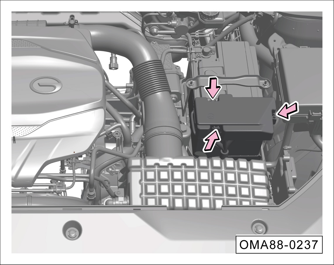 打开前机舱盖,沿-箭头-方向按压固定卡扣取下蓄电池正极盖。
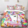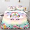 Cartoon Unicorn Floral Rainbow Girl's Eyelash Bedding Set Boys Girls Twin Queen Size Duvet Cover Pillowcase Bed Kids Adult
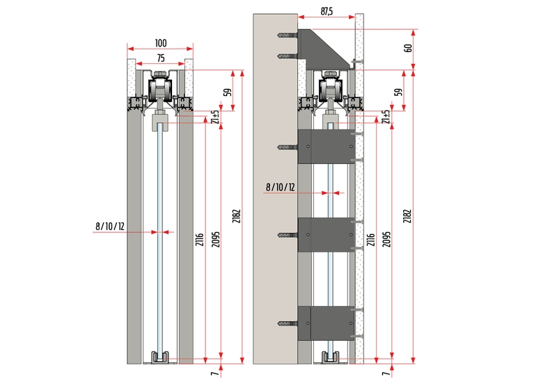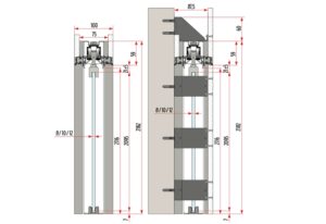 Tokszerkezet nélküli falban futó tolóajtó rendszer üveg ajtólapokhoz. A szerkezet vázát egy rendkívül merev horganyzott acél szerkezet alkotja, melybe a felső sín roncsolásmentesen be- illetve kiszerelhető. Beépítéshez tokborítás nem szükséges. Elérhető egy- és kétajtós garnitúrában is.
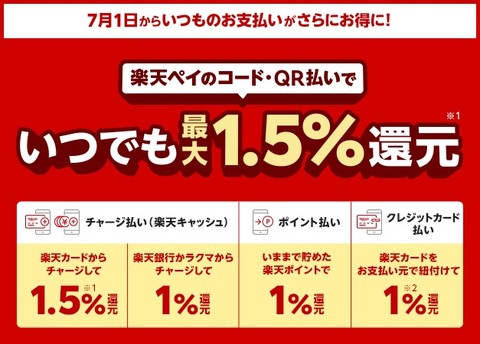 ・「楽天ペイ(アプリ決済)」、7月1日より新たな定常還元施策を開始、コード・QR払いでいつでも最大1.5%還元に|楽天ペイメント株式会社のプレスリリース
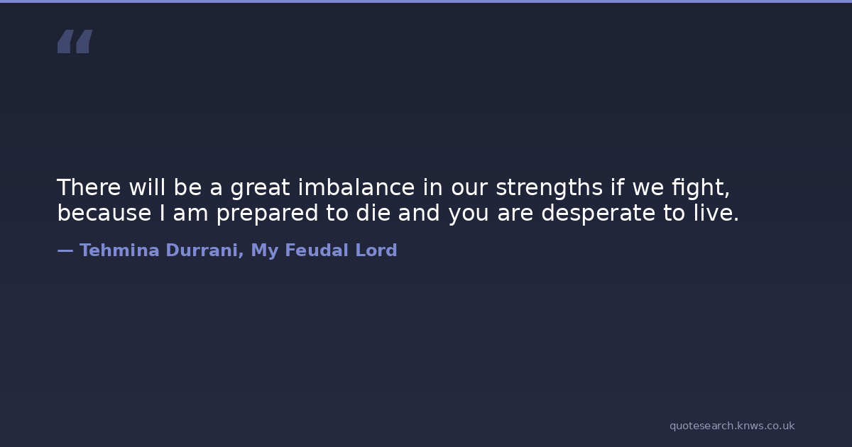 There will be a great imbalance in our strengths if we fight, because I am prepared to die and you are desperate to live.
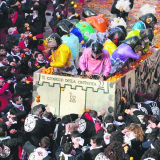 TURÍN, ITALIA (11/FEB/2013).- Cada año, miles de italianos se reúnen en Ivrea, cerca de Turín, en el Norte de Italia, para la pelea de naranjas más grande del mundo. La tradición forma parte del carnaval de la ciudad, que data de 1808 y cuyo tema principal es la libertad y la revolución. El festival es parte de la celebración contra el autoritarismo inspirada en las revueltas populares de la región contra los señores feudales en la Edad Media. Las personas que participan se dividen en grupos de carrozas y grupos de pie. Los de las carrozas —que representan a los señores feudales— se dedican a lanzar naranjas a los ciudadanos, quienes intentan “revelarse”.
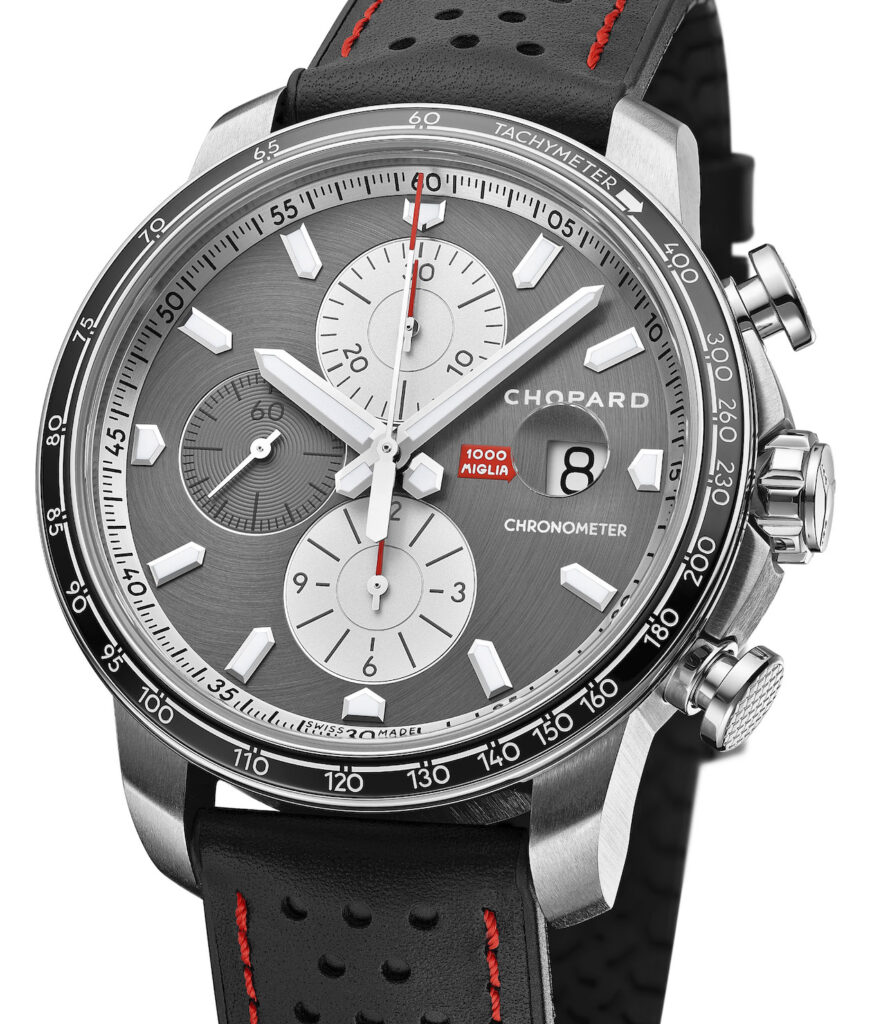 Questa la scheda tecnica del Mille Miglia Race Edition 2021: cassa ø 44 mm, w.r. a m.100, corona a vite e lunetta con inserto in ceramica nera lucida e scala tachimetrica laccata bianca (i 250 esemplari con oro etico rosa hanno in questo metallo la corona e a lunetta, sempre con inserto in ceramica). Sul fondello la scritta Brescia-Roma-Brescia e la bandiera a scacchi che circonda il logo della gara. Il quadrante e il rèhaut sono in color grigio ardesia trattato galvanicamente. Il movimento cronografico a carica automatica è certificato cronometro dal COSC, ha 25 rubini e 28.800 A/h. Dal 2018 il cinturino in pelle traforata ricorda i guanti da corsa, ha cuciture rosse o nere tono su tono, ed è foderato in caucciù con un motivo che ricorda gli pneumatici da corsa Dunlop degli anni ’60,
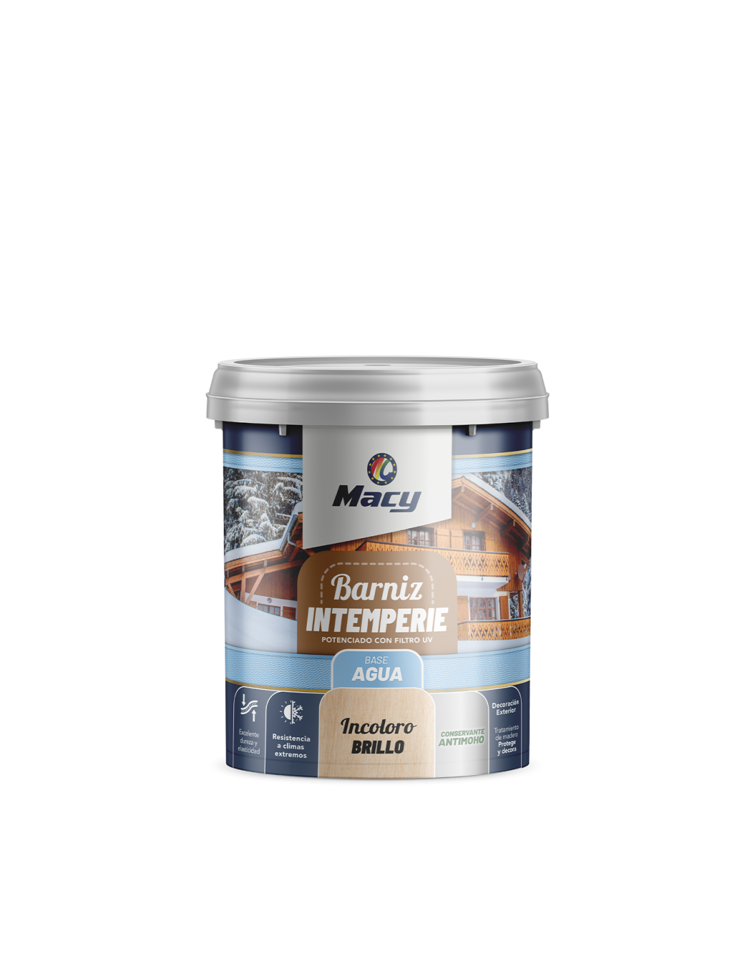 Barniz incoloro al agua de máxima resistencia a la intemperie, formando una película para "impermeabilizar" maderas al exterior en ambientes duros: alta montaña, rural, urbano (chalets, refugios...). Contiene filtros solares y neutralizadores de los radicales libres quese forman en film debido a la acción de los rayos ultravioletas de la luz del sol.
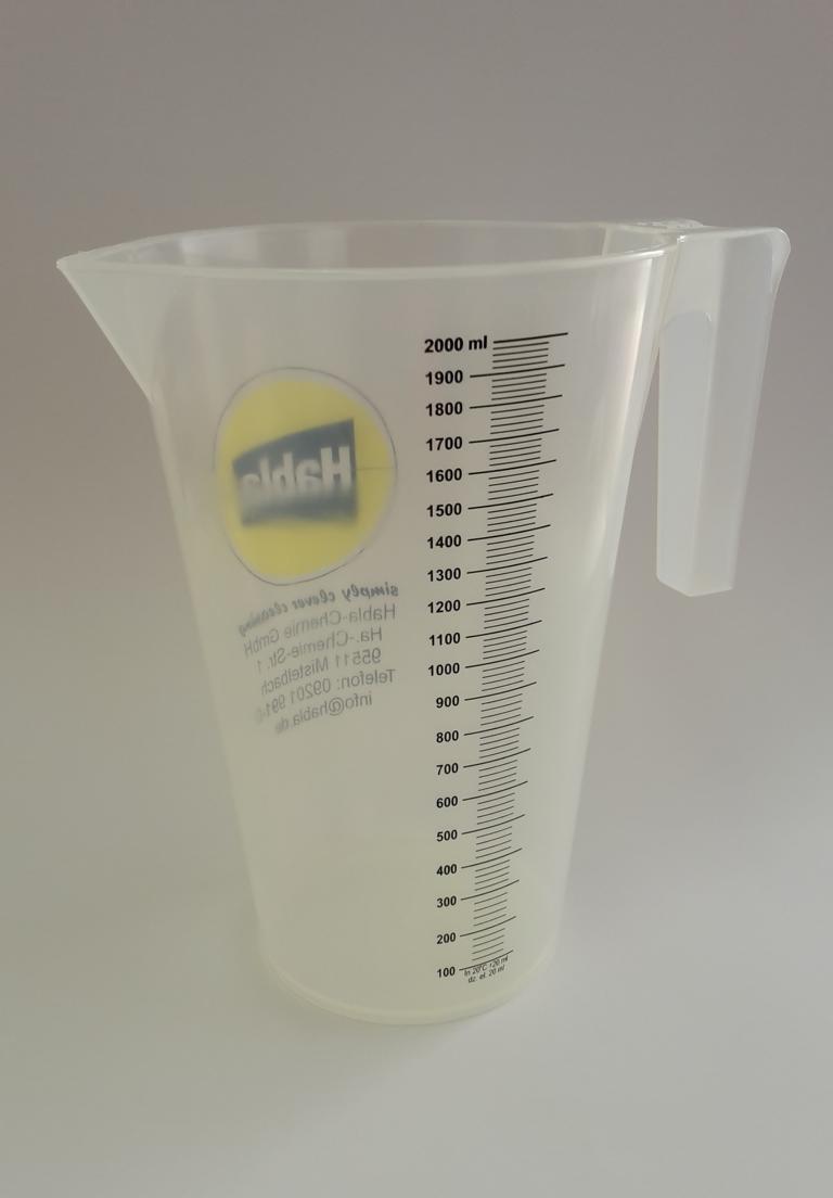 Messbecher 2000ml mit Skala. Für Spülmaschinen geeignet (bis 85°C). Lebensmittel geeignet. Beständig gegen eine Vielzahl von Chemikalien.
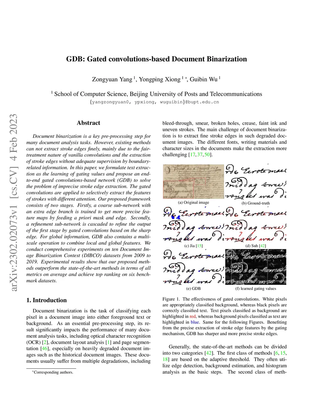 Document binarization is a key pre-processing step for many document analysis tasks. However, existing methods can not extract stroke edges finely, mainly due to the fair-treatment nature of vanilla convolutions and the extraction of stroke edges without adequate supervision by boundary-related information. In this paper, we formulate text extraction as the learning of gating values and propose an end-to-end gated convolutions-based network (GDB) to solve the problem of imprecise stroke edge extraction. The gated convolutions are applied to selectively extract the features of strokes with different attention. Our proposed framework consists of two stages. Firstly, a coarse sub-network with an extra edge branch is trained to get more precise feature maps by feeding a priori mask and edge. Secondly, a refinement sub-network is cascaded to refine the output of the first stage by gated convolutions based on the sharp edge. For global information, GDB also contains a multi-scale operation to combine local and global features. We conduct comprehensive experiments on ten Document Image Binarization Contest (DIBCO) datasets from 2009 to 2019. Experimental results show that our proposed methods outperform the state-of-the-art methods in terms of all metrics on average and achieve top ranking on six benchmark datasets.
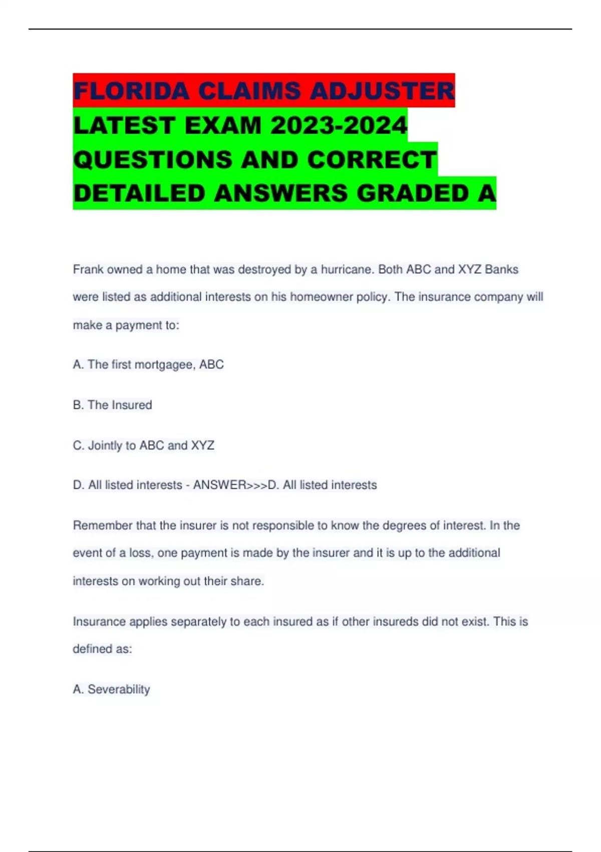 FLORIDA CLAIMS ADJUSTER LATEST EXAM QUESTIONS AND CORRECT DETAILED ANSWERS

### Task requirements
Return the listing verbatim, pictures excluded.

### Response
 打开前机舱盖,沿-箭头-方向按压固定卡扣取下蓄电池正极盖。
 Cartoon Unicorn Floral Rainbow Girl's Eyelash Bedding Set Boys Girls Twin Queen Size Duvet Cover Pillowcase Bed Kids Adult
 Tokszerkezet nélküli falban futó tolóajtó rendszer üveg ajtólapokhoz. A szerkezet vázát egy rendkívül merev horganyzott acél szerkezet alkotja, melybe a felső sín roncsolásmentesen be- illetve kiszerelhető. Beépítéshez tokborítás nem szükséges. Elérhető egy- és kétajtós garnitúrában is.
 ・「楽天ペイ(アプリ決済)」、7月1日より新たな定常還元施策を開始、コード・QR払いでいつでも最大1.5%還元に|楽天ペイメント株式会社のプレスリリース
 There will be a great imbalance in our strengths if we fight, because I am prepared to die and you are desperate to live.
 TURÍN, ITALIA (11/FEB/2013).- Cada año, miles de italianos se reúnen en Ivrea, cerca de Turín, en el Norte de Italia, para la pelea de naranjas más grande del mundo. La tradición forma parte del carnaval de la ciudad, que data de 1808 y cuyo tema principal es la libertad y la revolución. El festival es parte de la celebración contra el autoritarismo inspirada en las revueltas populares de la región contra los señores feudales en la Edad Media. Las personas que participan se dividen en grupos de carrozas y grupos de pie. Los de las carrozas —que representan a los señores feudales— se dedican a lanzar naranjas a los ciudadanos, quienes intentan “revelarse”.
 Questa la scheda tecnica del Mille Miglia Race Edition 2021: cassa ø 44 mm, w.r. a m.100, corona a vite e lunetta con inserto in ceramica nera lucida e scala tachimetrica laccata bianca (i 250 esemplari con oro etico rosa hanno in questo metallo la corona e a lunetta, sempre con inserto in ceramica). Sul fondello la scritta Brescia-Roma-Brescia e la bandiera a scacchi che circonda il logo della gara. Il quadrante e il rèhaut sono in color grigio ardesia trattato galvanicamente. Il movimento cronografico a carica automatica è certificato cronometro dal COSC, ha 25 rubini e 28.800 A/h. Dal 2018 il cinturino in pelle traforata ricorda i guanti da corsa, ha cuciture rosse o nere tono su tono, ed è foderato in caucciù con un motivo che ricorda gli pneumatici da corsa Dunlop degli anni ’60,
 Barniz incoloro al agua de máxima resistencia a la intemperie, formando una película para "impermeabilizar" maderas al exterior en ambientes duros: alta montaña, rural, urbano (chalets, refugios...). Contiene filtros solares y neutralizadores de los radicales libres quese forman en film debido a la acción de los rayos ultravioletas de la luz del sol.
 Messbecher 2000ml mit Skala. Für Spülmaschinen geeignet (bis 85°C). Lebensmittel geeignet. Beständig gegen eine Vielzahl von Chemikalien.
 Document binarization is a key pre-processing step for many document analysis tasks. However, existing methods can not extract stroke edges finely, mainly due to the fair-treatment nature of vanilla convolutions and the extraction of stroke edges without adequate supervision by boundary-related information. In this paper, we formulate text extraction as the learning of gating values and propose an end-to-end gated convolutions-based network (GDB) to solve the problem of imprecise stroke edge extraction. The gated convolutions are applied to selectively extract the features of strokes with different attention. Our proposed framework consists of two stages. Firstly, a coarse sub-network with an extra edge branch is trained to get more precise feature maps by feeding a priori mask and edge. Secondly, a refinement sub-network is cascaded to refine the output of the first stage by gated convolutions based on the sharp edge. For global information, GDB also contains a multi-scale operation to combine local and global features. We conduct comprehensive experiments on ten Document Image Binarization Contest (DIBCO) datasets from 2009 to 2019. Experimental results show that our proposed methods outperform the state-of-the-art methods in terms of all metrics on average and achieve top ranking on six benchmark datasets.
 FLORIDA CLAIMS ADJUSTER LATEST EXAM QUESTIONS AND CORRECT DETAILED ANSWERS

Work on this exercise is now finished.